2024-05-06 18:02:40

by Ian Rogers

[permalink] [raw]
Subject: [PATCH v7 0/4] dso/dsos memory savings and clean up

Hopefully the final 4 more patches from:
https://lore.kernel.org/lkml/[email protected]/
a near half year old adventure in trying to lower perf's dynamic
memory use. These final changes fix reference count issues, some
introduced by making find returned a getted (+1) reference counted
DSO. The last patch lowers the overhead using container_of rather than
a pointer except when reference count checking - asserts maintain the
validity of this.

v5. Rebase, adding use of accessors to dso as necessary. Previous
versions were all rebases or dropping merged patches.

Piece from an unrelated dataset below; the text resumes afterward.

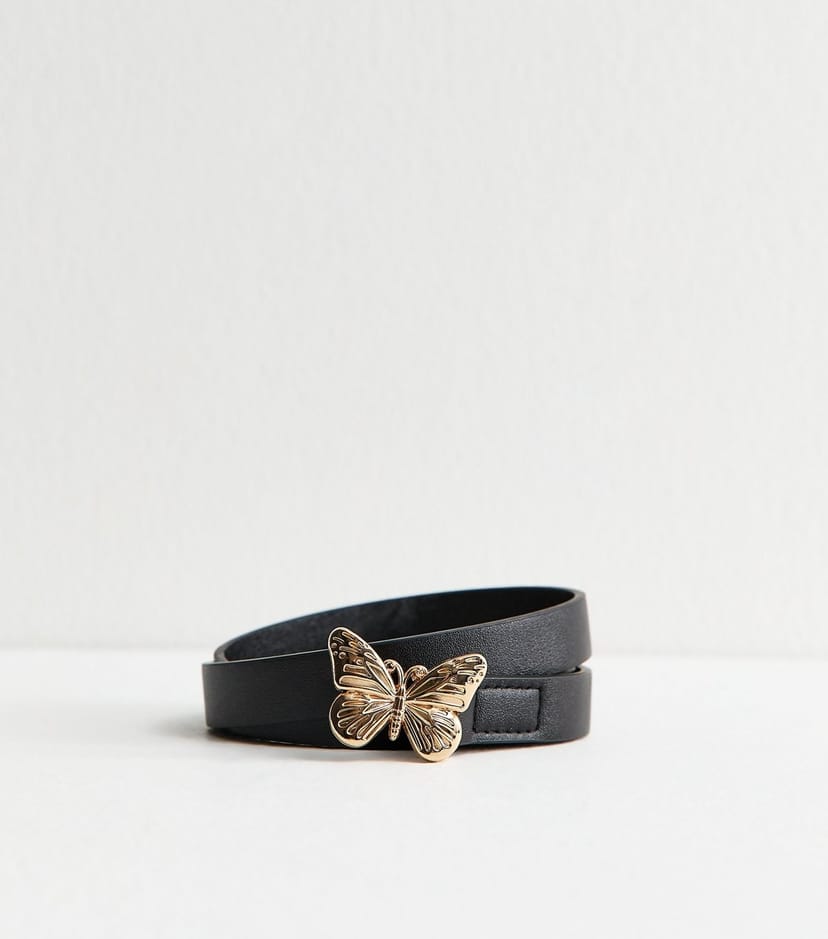 Stylish black faux leather belt from New Look. Features a butterfly buckle for a touch of elegance. Ideal for cinching in your waist and adding a chic detail to any outfit.

v6. Rebase, move dsos__purge NULL assignment to dso->dsos to above
dso__put to avoid a warning reported by Arnaldo. This was part of
patch 5 in the v5 series.

v7. Rebase dropping 5 merged patches. Break apart the fixes per
file. Tweak to the map dso logic as the else path was missing a
dso__get.

Ian Rogers (4):
perf map: Add missing dso__put in map__new
perf symbol-elf: Ensure dso__put in machine__process_ksymbol_register
perf symbol-elf: dso__load_sym_internal reference count fixes
perf dso: Use container_of to avoid a pointer in dso_data

tools/perf/tests/dso-data.c | 60 +++++++++++++++++-------------------
tools/perf/util/dso.c | 16 +++++++++-
tools/perf/util/dso.h | 2 ++
tools/perf/util/machine.c | 6 ++--
tools/perf/util/map.c | 1 +
tools/perf/util/symbol-elf.c | 51 +++++++++++++++---------------
6 files changed, 75 insertions(+), 61 deletions(-)

--
2.45.0.rc1.225.g2a3ae87e7f-goog



2024-05-06 18:03:23

by Ian Rogers

[permalink] [raw]
Subject: [PATCH v7 4/4] perf dso: Use container_of to avoid a pointer in dso_data

The dso pointer in dso_data is necessary for reference count checking
to account for the dso_data forming a global list of open dso's with
references to the dso. The dso pointer also allows for the indirection
that reference count checking needs. Outside of reference count
checking the indirection isn't needed and container_of is more
efficient and saves space.

The reference count won't be increased by placing items onto the
global list, matching how things were before the reference count
checking change, but we assert the dso is in dsos holding it live (and
that the set of open dsos is a subset of all dsos for the
machine). Update the DSO data tests so that they use a dsos struct to
make the invariant true.

Signed-off-by: Ian Rogers <[email protected]>
---
tools/perf/tests/dso-data.c | 60 ++++++++++++++++++-------------------
tools/perf/util/dso.c | 16 +++++++++-
tools/perf/util/dso.h | 2 ++
3 files changed, 46 insertions(+), 32 deletions(-)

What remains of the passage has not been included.